Let’s look at the same plot for the 1,000 most popular posts (based on likes):
post_day <- URC %>%
top_n(1000, likes_count) %>%
count(dow)
ggplot(post_day, aes(x = dow, y = n, fill = dow)) +
geom_bar(stat = "identity") +
labs(x = "", y = "Number of Posts") +
theme(axis.text.x = element_text(size = 20, angle = 45, hjust = 1),
axis.text.y = element_text(size = 16),
axis.title = element_text(size = 20),
legend.position = "none")
So from this it is clear that if you want people to like your post, you should post on a Tuesday or a Thursday. Quite why people might be feeling so much more likely to click that all important like button on these dayas, I have no idea. But hey, stats don’t lie.
8 Most Popular Posts
So looking at the popular posts above got me thinking about how best to actually define a “popular” post. Is it a post with a lot of likes, or a post that everybody is commenting on? Let’s take a look at the top 5 posts based on each criteria:
print.AsIs(URC %>% arrange(desc(likes_count)) %>% top_n(5, likes_count) %>% select(message))
message
1 Thinking how far I’ve come and getting a bit emotional. .3 year ago i was a size 20/22 and couldnt run to end of the street. Yesterday i ran 30 mile as a training run and wasn’t even aching afterwards. Now nearly 45 and a size 10 and never felt better. I love my life!!!! 2 I saw this picture couple years ago and I found it very inspiring so I thought I’d share it. is a 12-year-old childhood cancer survivor who loves to run with his dad. 3 Not sure if swear words are accepted. 088208820882 4 “What you doing up here?” said the sheep.Pike last night, not a soul to be seen… 5 0880
print.AsIs(URC %>% arrange(desc(comments_count)) %>% top_n(5, comments_count) %>% select(message))
message
1 For me claiming something you haven’t earned is not only immoral it’s fraudulent. And it’s a huge insult to all who’ve attempted the feat before you and legitimately fallen short. What do you guys think? 2 Anyone else do race to the stones and found it a rip off? I was not impressed with most things. were good such as medics and lots of water but who wants fudge bars and cadburies at aid stations. like a money making race to me, especially considering all the sponsorship they had. ’ve got lots of other rants about it but let’s hear anyone else’s thoughts first 3 New Game.am trying to convince some new ultra runners that you do not need to spend a load of money on kit to put one foot in front of the other a few more times. This is difficult given that half the posts in forums seems to be asking for recommendations or giving recommendations as to how one might waste money on kit.out of interest, what was the value of the kit you wore in your last ultra? Including nutrition. Obviously you will have to guess if you had them as a gift or can’t remember. Surely someone is going to have less than £100? 4 I had a small sabre rattling session last night with someone on this group. Nothing major by any stretch of the imagination - we just have opposing views on DNF. But it got me curios to what the opinions of others are on this subject. Is failing to finish something that you would risk your life to avoid? Is it something to fear? Is it something that will eventually happen to us all? Is it something that we can learn from? Etc,etc. Your thoughts please 5 i cannot wait to watch the EPSN footage - amazing stuff. It is a shame Robert has his doubters though.: was described as “trolling”, which was an over the top description (agree with the comments there)

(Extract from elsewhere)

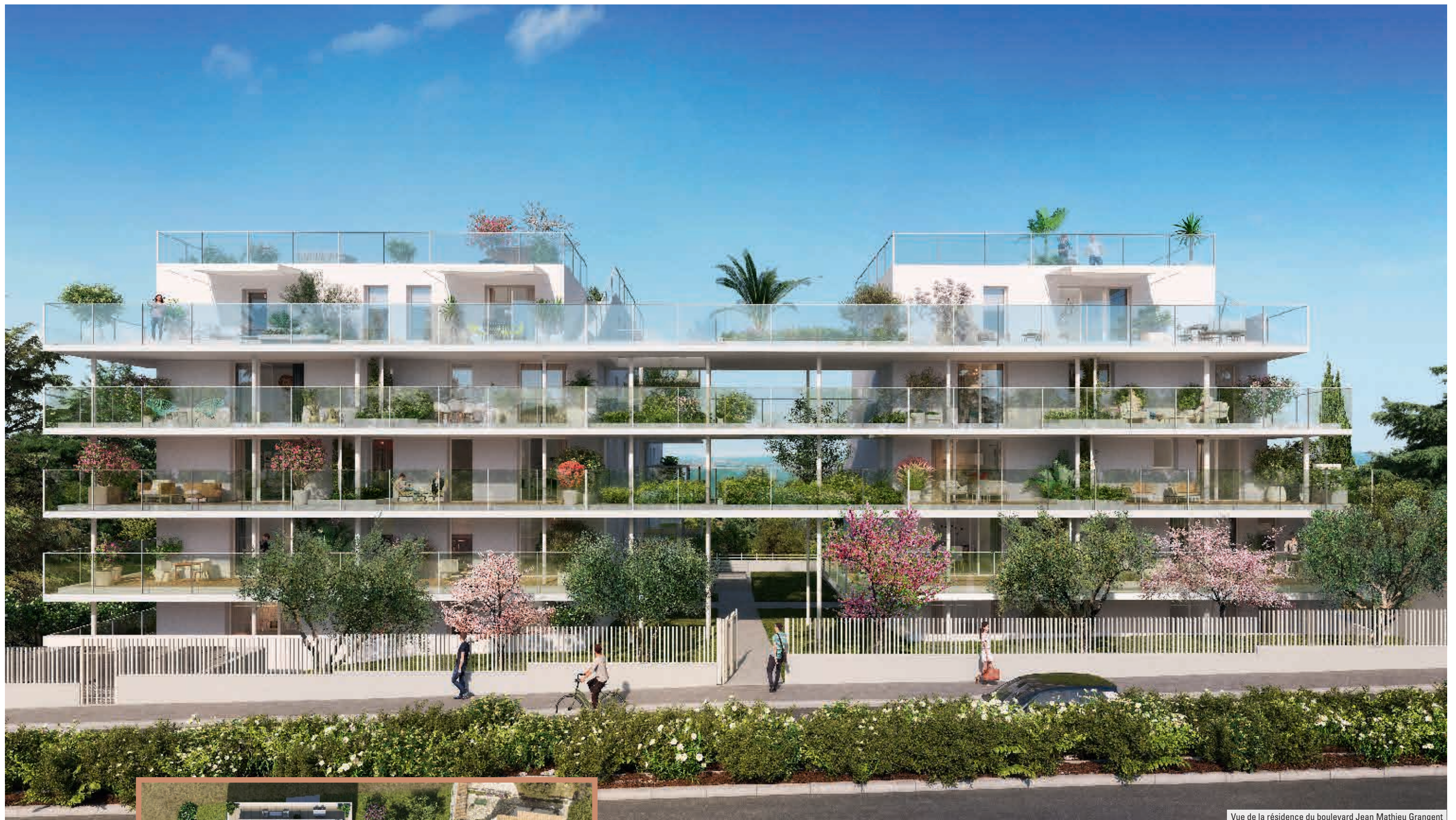
Vue de la résidence du boulevard Jean Mathieu Grangent

It seems to me that the posts with more likes tend to be posts with a much more positive message than those with most comments. The top liked posts are those from people who have overcome some form of adversity (such as the top liked post with 1,369 likes from Mandy Norris who had awesomely run 30 miles after losing half her body weight), whilst the top commented posts tend to be more controversial posts (such as the top commented post with 287 comments about Mark Vaz’s fraudulent JOGLE “World Record”).

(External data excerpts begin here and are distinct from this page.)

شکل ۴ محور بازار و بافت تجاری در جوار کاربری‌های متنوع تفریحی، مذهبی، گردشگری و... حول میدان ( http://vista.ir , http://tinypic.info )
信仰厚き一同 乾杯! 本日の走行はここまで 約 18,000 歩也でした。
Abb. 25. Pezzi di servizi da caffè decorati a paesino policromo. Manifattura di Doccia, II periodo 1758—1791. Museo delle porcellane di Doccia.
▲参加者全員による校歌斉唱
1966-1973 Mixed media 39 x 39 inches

Let’s take a look at how closely these two poularity measures are correlated in the Ultra Running Community:
ggplot(URC, aes(x = comments_count, y = likes_count)) +
geom_point(shape = 19, alpha = 0.2, size = 5) +
geom_smooth(method = "lm", se = TRUE) +
geom_point(data = URC %>% top_n(5, comments_count), aes(x = comments_count, y = likes_count, color = "red", size = 5)) +
geom_point(data = URC %>% top_n(5, likes_count), aes(x = comments_count, y = likes_count, color = "blue", size = 5)) +
labs(x = "Number of Comments", y = "Number of Likes") +
theme(axis.text = element_text(size = 16),
axis.title = element_text(size = 20),
legend.position = "none")
Here we are plotting a correlation scatterplot between the number of likes and the number of comments for each post. I have a set an alpha value of 0.2 for the scatterplot so that the individual points are made more see-through. That way, overplotting can be seen by darker coloured plots. I have also added in a line of best fit generated by fitting a linear model (method= lm
), together with an estimate of the standard error shown by the grey surrounding of the blue line (se = TRUE
). Finally I have highlighted the top 5 commented posts in blue, and the top 5 liked posts in red.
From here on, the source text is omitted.